What is the value for angle EGB?

Question

(OBM) In a rectangle ABCD, E is the midpoint of side BC and F is the midpoint of side CD. G is the point that represents the intersection between DE and FB. Angle EAF is 20º. What is the value for the angle EGB? Sorry, I can't photograph my attempts…

Answer 1

Regardless what the angle of $\angle EAF$ is, $\angle EGB = \angle EAF$ is always true. Observe that $\angle IDF = \angle BAH$ and $\angle ABH = 90^\circ - \angle CBF = 90^\circ - \angle DAF = \angle DFI $. This gives us $\triangle ABH \sim \triangle DFI$, and $$\angle AHB = \angle DIF = \angle AIG \implies AIGH \ \text{is cyclic} \implies \angle EGB = \angle EAF$$ Hence, in this case, $\angle EGB = \angle EAF = 20^\circ$.

Answer 2

Let $\angle BAE=\alpha$ and $\angle DAF=\beta$. Then $\alpha+\beta=90^\circ-20^\circ=70^\circ$.
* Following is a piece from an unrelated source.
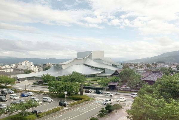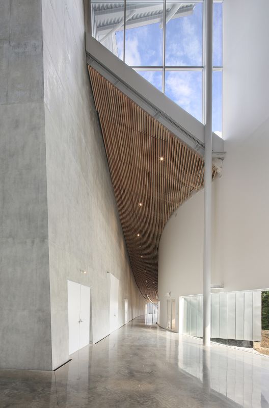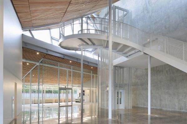 从外表上看,这座建筑被分成了几个体量,越靠近场地周边,体量越小。这样设计不仅减少了综合体的规模,也有利于与周边环境保持联系。在场地开发设计的过程中,妹岛和世采用了“Sayadou”的风格,从历史观点上来说,这种风格包括在圣地或寺庙中建造一种保护性构筑物,用以躲避恶劣天气的影响。场地的布局如同一座“葡萄园”,建筑的焦点放在了音乐厅上,观众席一层一层地包围着舞台。

Note that $\triangle ABE\cong\triangle DCE$ and $\triangle ADF\cong \triangle BCF$.

So $\angle CDE=\angle BAE=\alpha$ and $\angle CBF=\angle DAF=\beta$.

$\angle BEG=\angle BAE+\angle BCD=\alpha+90^\circ$.

$\angle EGB=180^\circ-\angle CBF-\angle BEG=180^\circ-(\alpha+90^\circ)-\beta=90^\circ-\alpha-\beta=20^\circ$.